Wednesday, July 16, 2014

Reading plan: July checkin

My goals for the month of June were:
  • spend 3 quality hours
  • complete synthesis of the organ book
I spent 5 hours in  June, which is good as that means I did more than planned! However that was not enough to complete that synthesis.

It's already mid-July and I have spent another hour on the synthesis. For the rest of the month, I will continue on the synthesis and try to have a closure on it, spending about 2 more hours.

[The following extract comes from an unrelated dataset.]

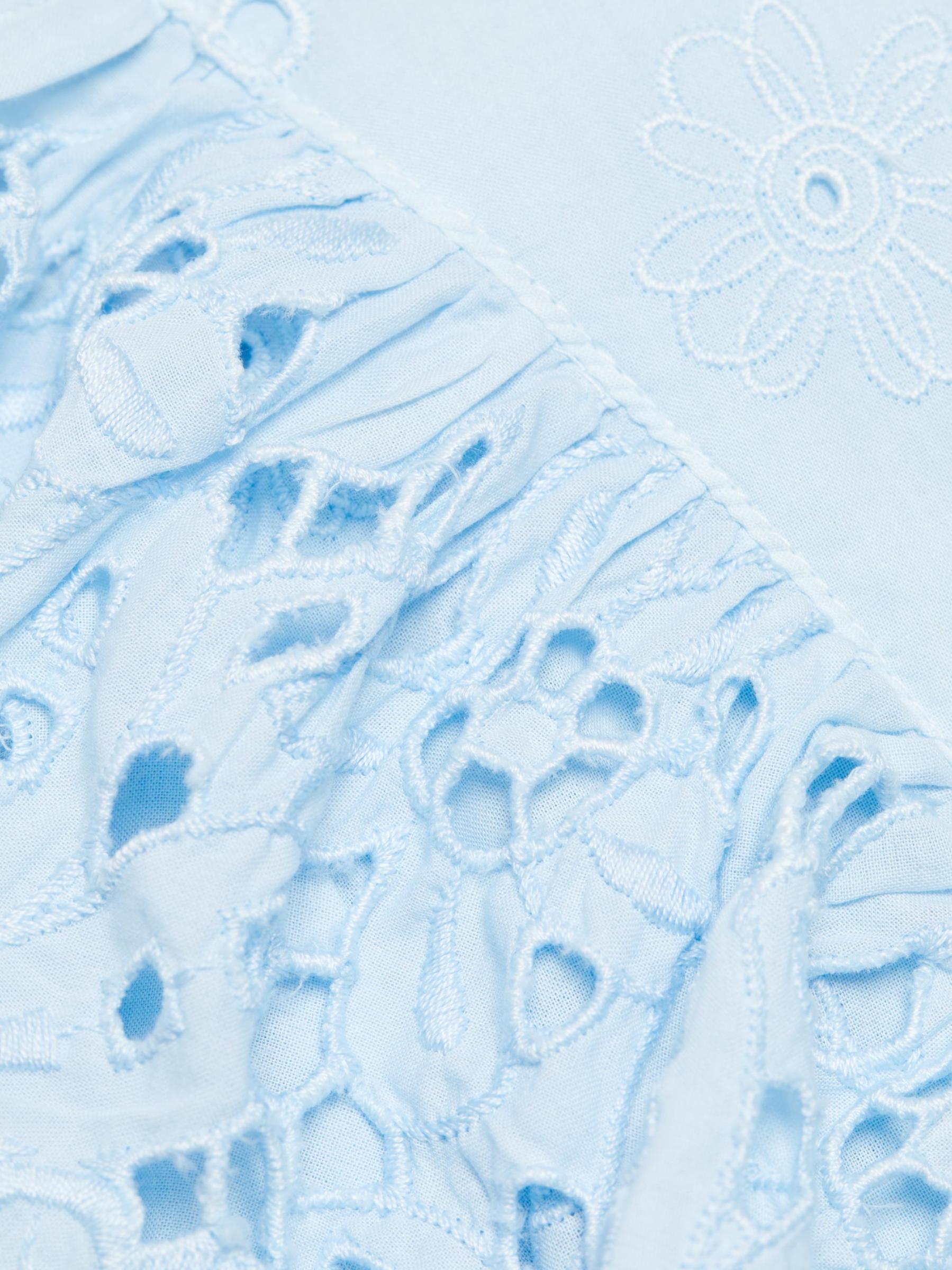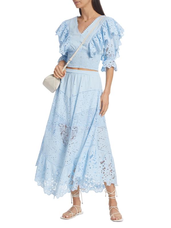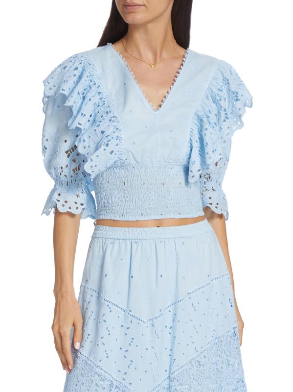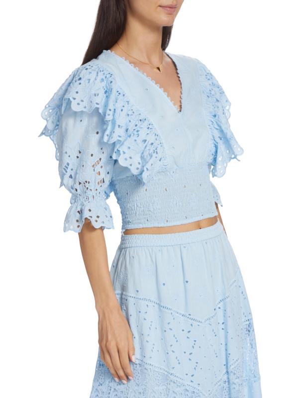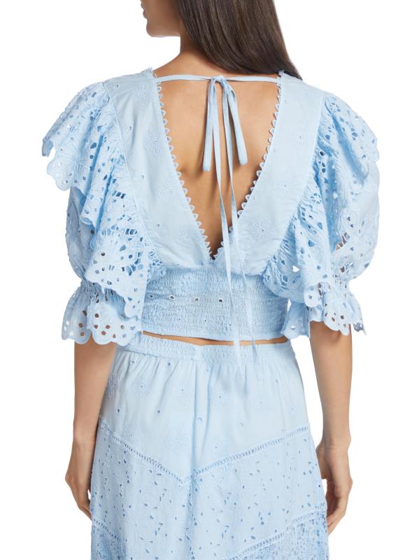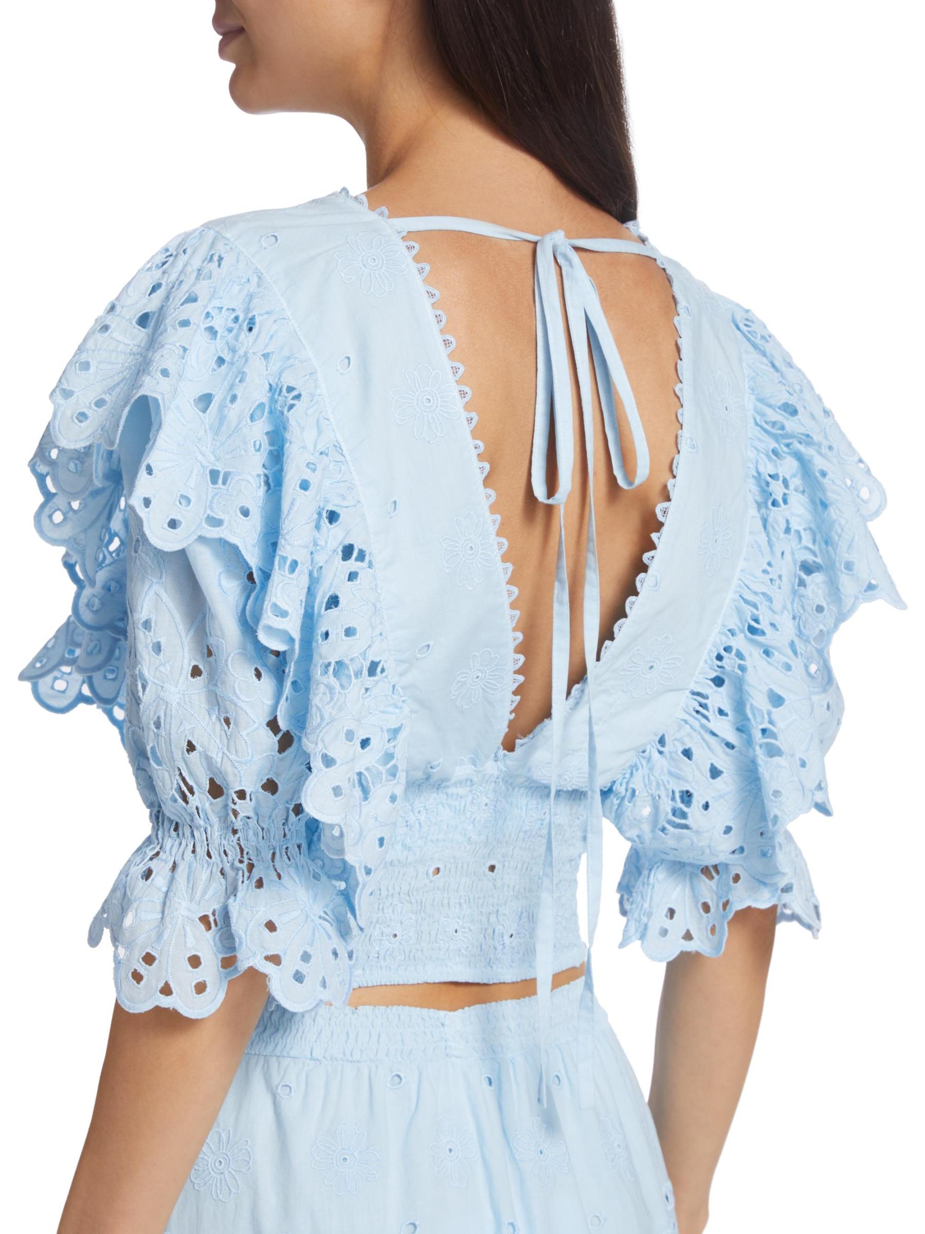 تتميّز بلوزة كالا من كوين مودا بألواح من الدانتيل المكشكش وأكمام منفوخة بطول الكوع. مستوحى من ملابس المنتجع في ساحل أمالفي، تم تصميم هذا النمط القطني القصير بحزام خصر كبير وربطة ذاتية في الجزء الخلفي المفتوح.رقبة على شكل حرف V أكمام قصيرة منفوخة دانتيل العيينة خصر مطرز قطن بنسبة 100% غسيل يدوي صُنع في إيطاليا

For next month, I want to separate the tasks:
  • planned reading
  • writing about what I read
I do not plan to write about all the books I read, certainly not in depth. Still, if I want to read at least one other book this year, I better start doing the reading part regularly, and if writing is needed consider that a separately planned task.

Tuesday, June 3, 2014

Thoughts on the Swift language

What it is

I am not a language designer but I love programming languages, so I can’t resist putting down a few rough thought on Swift, the new programming language announced on Monday by Apple. It is designed to make Objective-C, the main language used to build apps on iOS and OS X, a thing of the past. I think it’s fair to say that this was, for developers, the highlight of Monday’s WWDC keynote.

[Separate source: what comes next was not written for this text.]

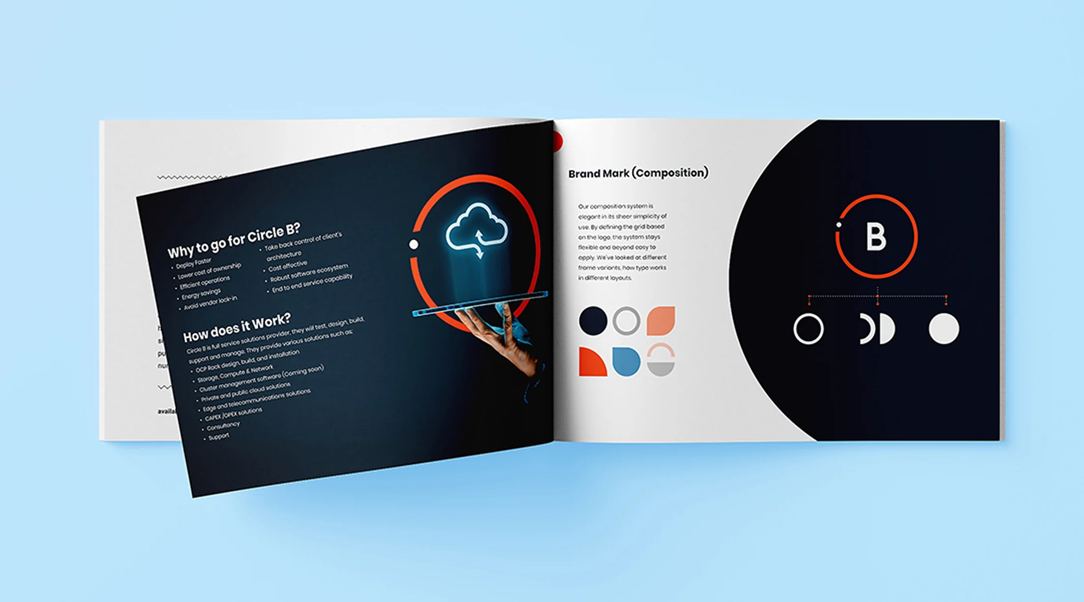 As the brand name itself have the word “Circle” also they cater to OCP which means ‘Open Compute Project’ we came across the concept of “Open”, using the open circle for creating the identity. The circle represents transformation, and collaboration and the open circle represents the open source and sharable approach.
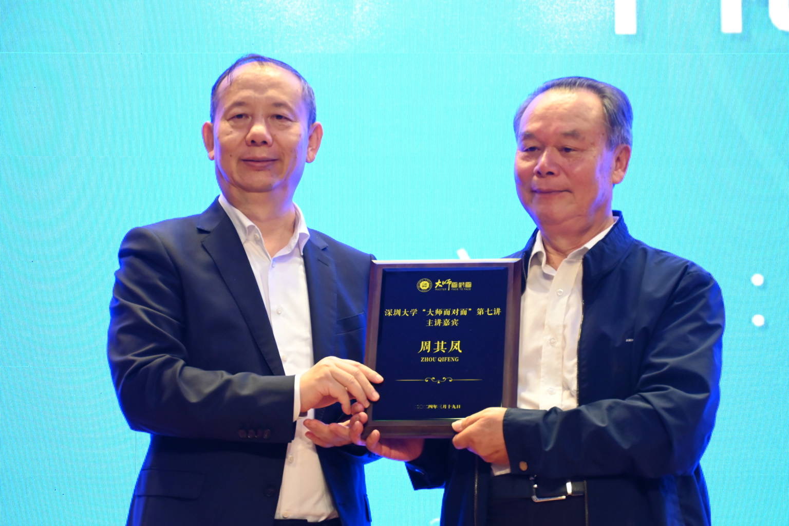 讲座结束后,毛军发向周其凤赠送深大纪念品。

Objective-C is a dinosaur language, invented in the early 1980s. If you know any relatively more modern higher-level language (pick one, including C#, Scala, even Hack), it is clear that it has too much historical baggage and not enough of the features programmers expect.

John Siracusa captured the general idea in his 2005 Avoiding Copland 2010 article and its revision, Copland 2010 revisited: Apple’s language and API future, and has kept building a really good case since, in various podcasts, that Apple had to get their act together. Something, anything, had to be done. [1]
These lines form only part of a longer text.